→ **Try it**
A faithful copy of the data is what is wanted, minus any pictures.

◆ ◆ ◆

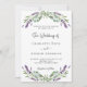A white background decorated with lavender flowers and eucalyptus greenery. Personalize and your names and details.
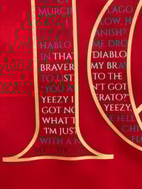 WITH A GRADIENT OF COLORS THAT REFLECT THE COLOR PALLETE FROM THE RUNAWAY VIDEO. INSIDE THE NUMBERS ARE LYRICS FROM POWER
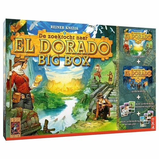 Als expeditieleider ga je op zoek naar El Dorado, de mysterieuze stad van goud. Tijdens je reis moet je je een weg banen door de jungle, kolkende rivieren oversteken en onderhandelen met lokale stammen. Wie als eerste het eindpunt bereikt, wint het spel. Deze grote doos bevat naast het basisspel “De Zoektocht naar El Dorado” 2 mini-uitbreidingen met 6 verschillende extra expeditiekaarten, en de uitbreiding “Helden & Demonen”. Deze grote uitbreiding biedt nieuwe avonturen tijdens de zoektocht naar El Dorado. Kortom, met deze Big Box kun je “De Zoektocht naar El Dorado” oneindig variëren en biedt elk afzonderlijk spel volledig verschillende uitdagingen!
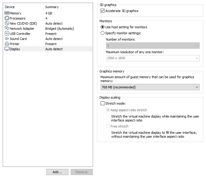 왼쪽의 Display 부분을 누르고 오른쪽의 Accelerate 3D graphics 항목을 체크해 주세요.
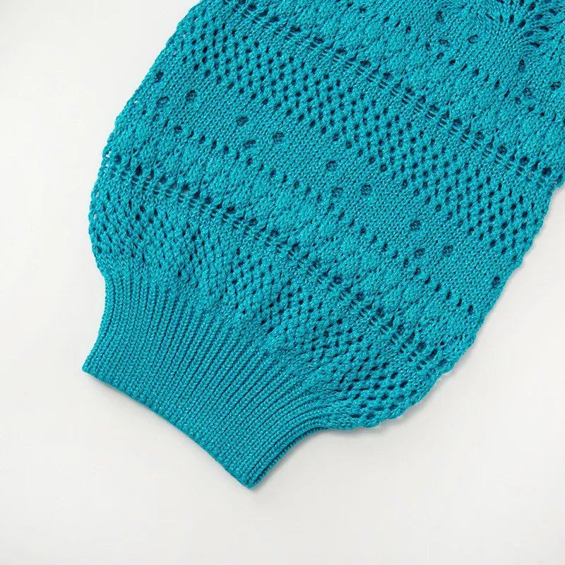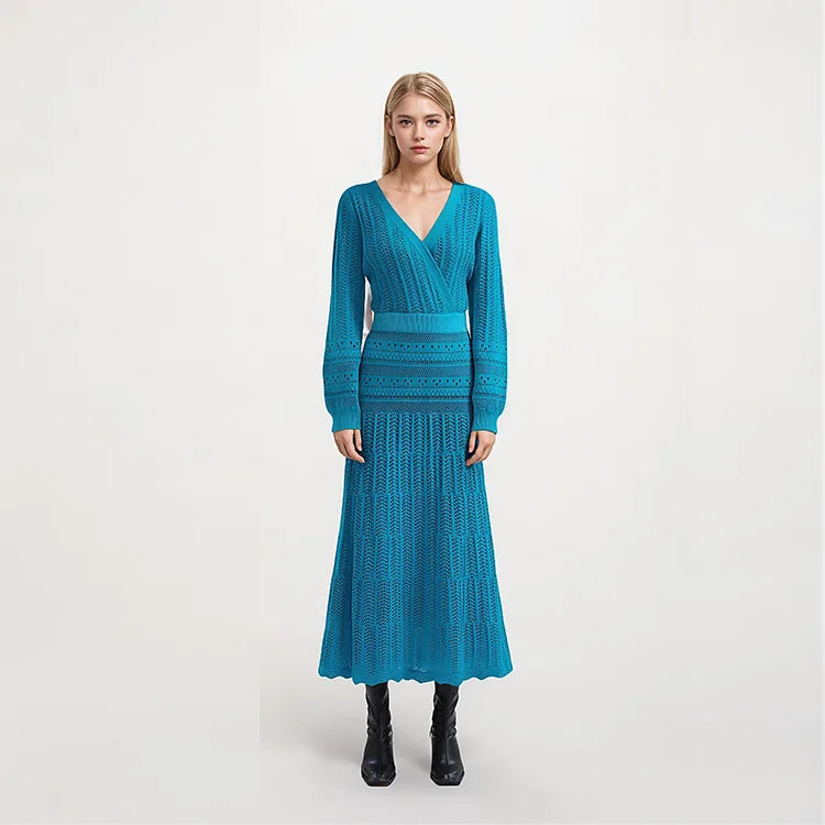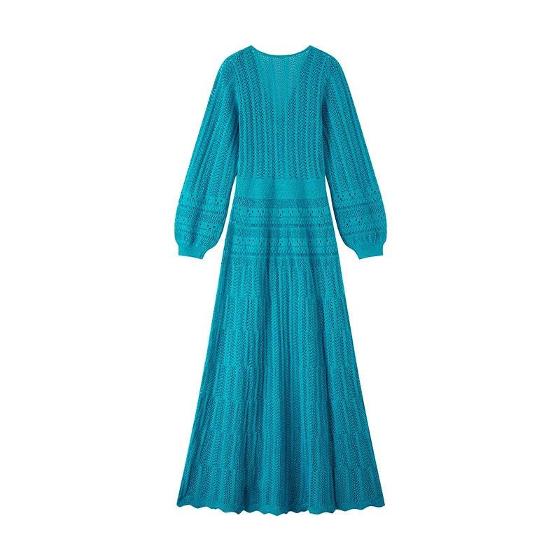 Refined and romantic, the Trend4us Crochet Knit Flare Sleeve Maxi Dress exudes effortless sophistication. Featuring an intricate openwork crochet design, this dress is styled with a deep surplice V-neckline, long balloon sleeves with ribbed cuffs, and a wide waistband that enhances the silhouette. The full-length flared skirt flows gracefully with every step, finished with a scalloped hem for added charm. Perfect for spring soirées, resort getaways, or breezy outdoor events.
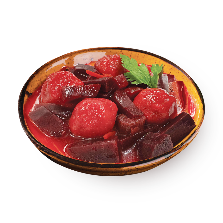 Water, Cuba 37% [water, wheat semolina (contains gluten), ground beef 6%, onion, canola oil, bulgur (wheat), salt, spices, sugar], beetroot 14%, onion, carrot, celery, sugar, Concentrated tomato sauce, salt, canola oil, chicken flavored soup powder [salt, sugar, starches, maltodextrin, flavor enhancers (monosodium glutamate E631, E627), vegetable oil, dried parsley, flavoring agents, spices], acidity regulator (citric acid - lemon salt), spices, tapioca starch.
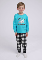 Трикотажная пижама из натурального хлопка. Джемпер с длинными втачными рукавами и прямые брюки с эластичной резинкой в поясе. Оригинальные набивка и принт выполнены из стойких гипоаллергенных текстильных гипоаллергенных красителей. Изделие сохраняет цвет и форму после многократных стирок. Все трикотажные полотна производятся в соответсвии с нормами швейцарского сертификата ЭкоТекс.
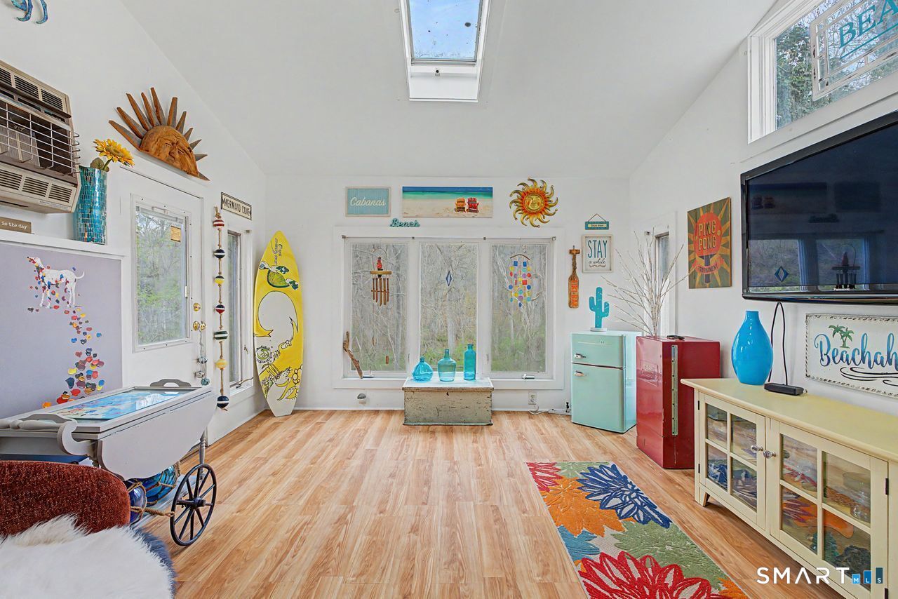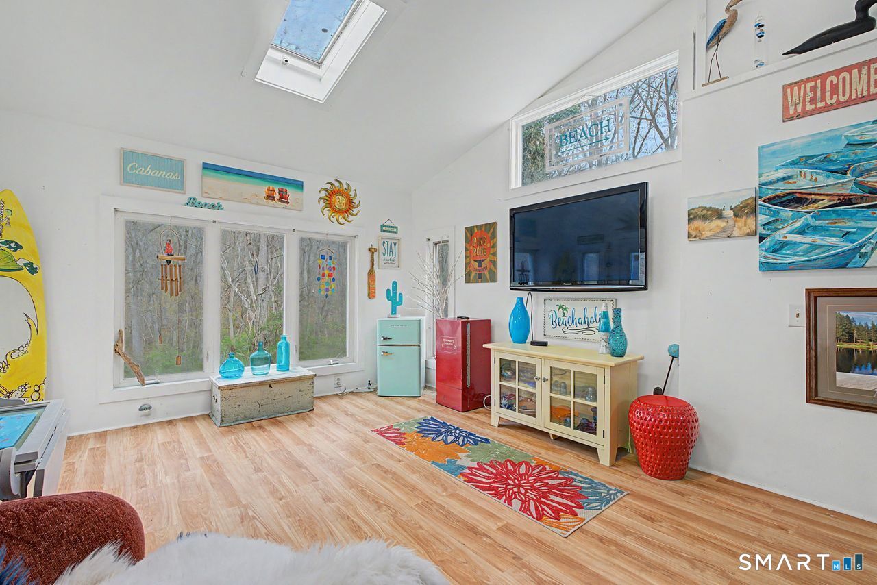 Proving that good things come in small packages, the spacious eat-in kitchen with vaulted ceiling and skylight sets the stage for this two bedroom charmer. The sense of light and space is echoed by the lower level family room with the adjacent half bath and walk-out basement supplying laundry, storage or workshop space. Sited on nearly one acre on a lovely country road, there is elbow room a-plenty with a deck off the living room for casual out-door living opportunities. Located half way between New York and Boston, whether you are looking for a year-round home or a simple pied-a-terre, Old Lyme offers town and State beaches, an art museum and galleries, shopping and restaurants, all nearby.
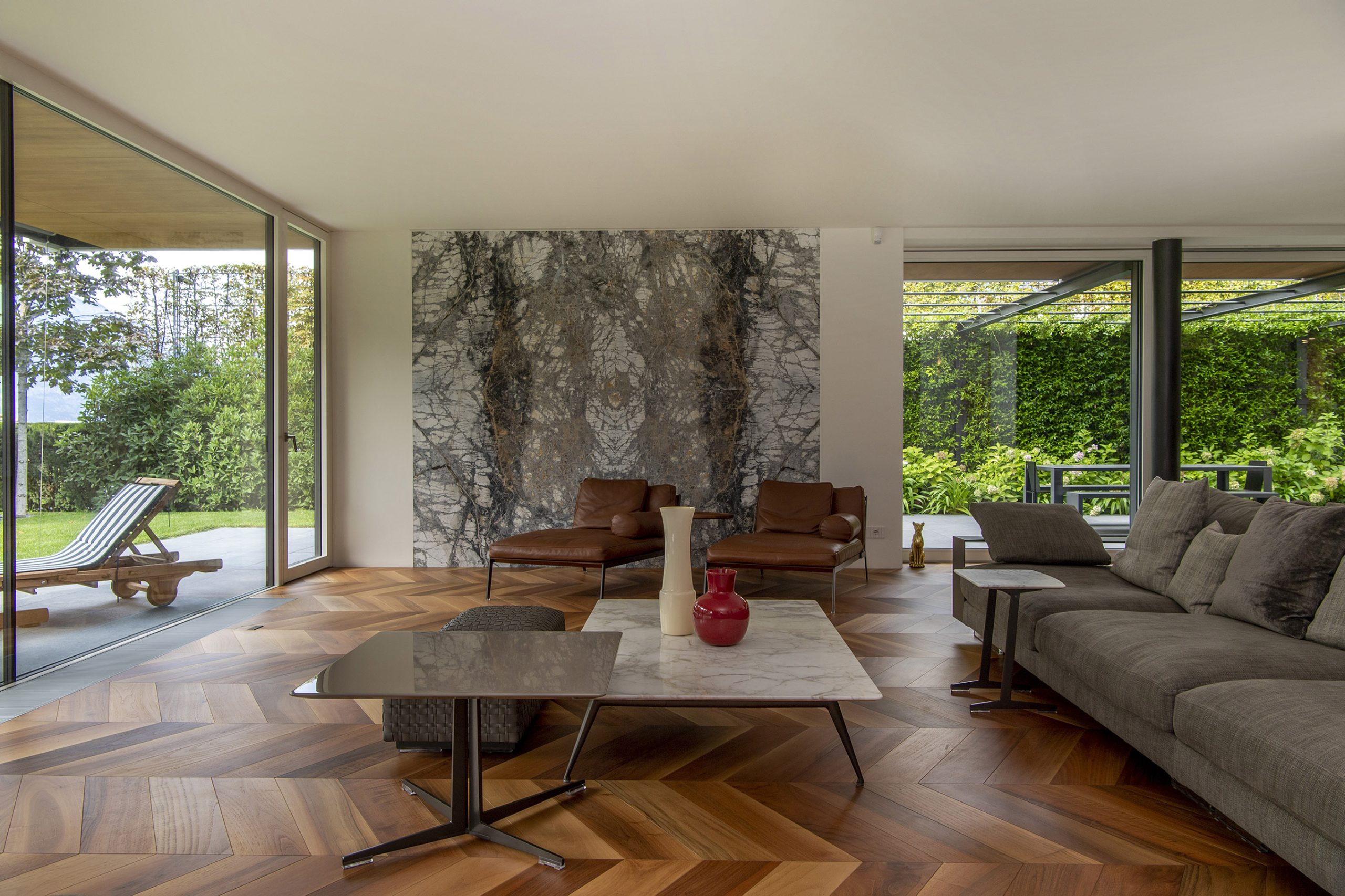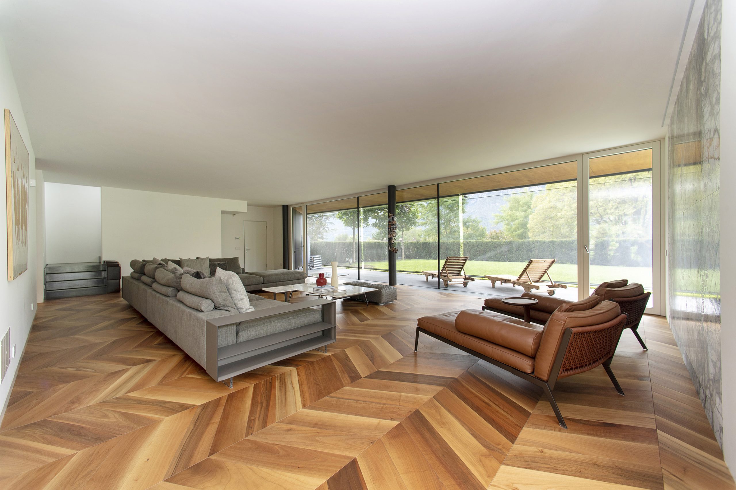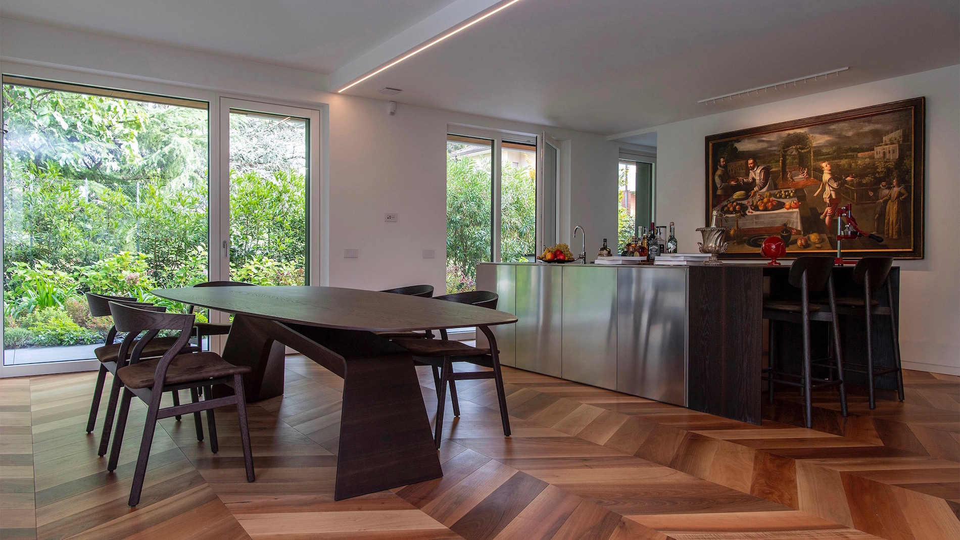 Il parquet di Woodco è stato scelto come rivestimento principale dell’abitazione. Nella zona giorno, quindi in tutto il primo piano, il parquet in noce naturale Woodco dona ritmo e vivacità agli ambienti grazie ad una pregiata posa a spina ungherese. Il formato importante della spina, con larghezza pari a quella di una tavola (180 mm), è stato scelto direttamente dalla committenza.
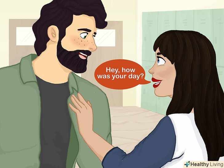 Вітайтеся з ним і посміхайтеся при зустрічі. коли почнете розмовляти з хлопцем частіше, намагайтеся посміхатися і вітатися з ним завжди, коли будете бачити його. Махайте йому рукою або підморгуйте, проходячи повз нього. Затримуйтеся біля його столу, будуйте йому пики. Так він буде знати, що ви думаєте про нього, і буде думати про вас! [11]- Наприклад, якщо ви проходите повз один одного в коридорі, скажіть «Привіт» або просто помахайте йому рукою і посміхніться.

◆ ◆ ◆

→ **Output**
A white background decorated with lavender flowers and eucalyptus greenery. Personalize and your names and details.
 WITH A GRADIENT OF COLORS THAT REFLECT THE COLOR PALLETE FROM THE RUNAWAY VIDEO. INSIDE THE NUMBERS ARE LYRICS FROM POWER
 Als expeditieleider ga je op zoek naar El Dorado, de mysterieuze stad van goud. Tijdens je reis moet je je een weg banen door de jungle, kolkende rivieren oversteken en onderhandelen met lokale stammen. Wie als eerste het eindpunt bereikt, wint het spel. Deze grote doos bevat naast het basisspel “De Zoektocht naar El Dorado” 2 mini-uitbreidingen met 6 verschillende extra expeditiekaarten, en de uitbreiding “Helden & Demonen”. Deze grote uitbreiding biedt nieuwe avonturen tijdens de zoektocht naar El Dorado. Kortom, met deze Big Box kun je “De Zoektocht naar El Dorado” oneindig variëren en biedt elk afzonderlijk spel volledig verschillende uitdagingen!
 왼쪽의 Display 부분을 누르고 오른쪽의 Accelerate 3D graphics 항목을 체크해 주세요.
 Refined and romantic, the Trend4us Crochet Knit Flare Sleeve Maxi Dress exudes effortless sophistication. Featuring an intricate openwork crochet design, this dress is styled with a deep surplice V-neckline, long balloon sleeves with ribbed cuffs, and a wide waistband that enhances the silhouette. The full-length flared skirt flows gracefully with every step, finished with a scalloped hem for added charm. Perfect for spring soirées, resort getaways, or breezy outdoor events.
 Water, Cuba 37% [water, wheat semolina (contains gluten), ground beef 6%, onion, canola oil, bulgur (wheat), salt, spices, sugar], beetroot 14%, onion, carrot, celery, sugar, Concentrated tomato sauce, salt, canola oil, chicken flavored soup powder [salt, sugar, starches, maltodextrin, flavor enhancers (monosodium glutamate E631, E627), vegetable oil, dried parsley, flavoring agents, spices], acidity regulator (citric acid - lemon salt), spices, tapioca starch.
 Трикотажная пижама из натурального хлопка. Джемпер с длинными втачными рукавами и прямые брюки с эластичной резинкой в поясе. Оригинальные набивка и принт выполнены из стойких гипоаллергенных текстильных гипоаллергенных красителей. Изделие сохраняет цвет и форму после многократных стирок. Все трикотажные полотна производятся в соответсвии с нормами швейцарского сертификата ЭкоТекс.
 Proving that good things come in small packages, the spacious eat-in kitchen with vaulted ceiling and skylight sets the stage for this two bedroom charmer. The sense of light and space is echoed by the lower level family room with the adjacent half bath and walk-out basement supplying laundry, storage or workshop space. Sited on nearly one acre on a lovely country road, there is elbow room a-plenty with a deck off the living room for casual out-door living opportunities. Located half way between New York and Boston, whether you are looking for a year-round home or a simple pied-a-terre, Old Lyme offers town and State beaches, an art museum and galleries, shopping and restaurants, all nearby.
 Il parquet di Woodco è stato scelto come rivestimento principale dell’abitazione. Nella zona giorno, quindi in tutto il primo piano, il parquet in noce naturale Woodco dona ritmo e vivacità agli ambienti grazie ad una pregiata posa a spina ungherese. Il formato importante della spina, con larghezza pari a quella di una tavola (180 mm), è stato scelto direttamente dalla committenza.
 Вітайтеся з ним і посміхайтеся при зустрічі. коли почнете розмовляти з хлопцем частіше, намагайтеся посміхатися і вітатися з ним завжди, коли будете бачити його. Махайте йому рукою або підморгуйте, проходячи повз нього. Затримуйтеся біля його столу, будуйте йому пики. Так він буде знати, що ви думаєте про нього, і буде думати про вас! [11]- Наприклад, якщо ви проходите повз один одного в коридорі, скажіть «Привіт» або просто помахайте йому рукою і посміхніться.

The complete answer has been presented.